Lillian Gish Has A Few Words About Early Hollywood – 1969 – Past Daily Evening Gallimaufry

– Lillian Gish – in conversation with Robert Cromie – “The Movies, Mr. Griffith And Me”. – June 25, 1969 – Gordon Skene Sound Collection –

Lillian Gish, a name synonymous with the early days of Hollywood, and along with her sister Dorothy, household names in both Theater and Film from the earliest days.

The farther we get away from those formative years of Cinema, when the craft was evolving and the growing pains were plentiful, the less we remember those names which were such an inegral part of that early history – the crucial period when Film went from being an Arcade Novelty to the artform it evolved into.
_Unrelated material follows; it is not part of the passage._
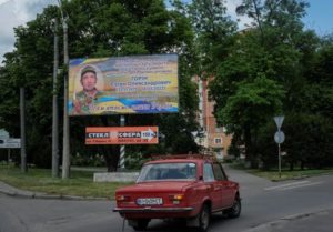 A view shows a board commemorating a dead Ukrainian soldier, father of four children, who was killed during fighting with Russian troops, amid Russia’s attack on Ukraine, in Poltava, Ukraine May 24, 2023. REUTERS/Dan Peleschuk

The changes in attitude – the advancement of lighting and technology and even the Cameras used to shoot these films – they were all part of a great movement that was growing up and becoming the new entertainment form, popular all over the world.

In this interview, conducted as part of the weekly series Bookbeat featuring Chicago Tribune/Washington Post, book reviewer Robert Cromie sits down with Lillian Gish and asks her about those early days, when D.W. Griffith was one of the most well-known Directors working in film at that time. Griffith was responsible for the Spectacle – the grand, sweeping film (Birth of A Nation) that became one of the biggest box office successes for many years. And how Lillian Gish, along with sister Dorothy, were groomed by Griffith to achieve the stardom that she eventually had gotten. Talking about the early days of Silent Film, when expression was everything because words were relegated to title cards accompanying those scenes – and an orchestra, or organ, provided the musical counterpoint to the action on that screen.

It was all a different world then – film spoke a different language; a universal language that many felt needed no sound in order to convey an intention. And as Norma Desmond once observed in the classic American film, Sunset Boulevard, “They had faces then”.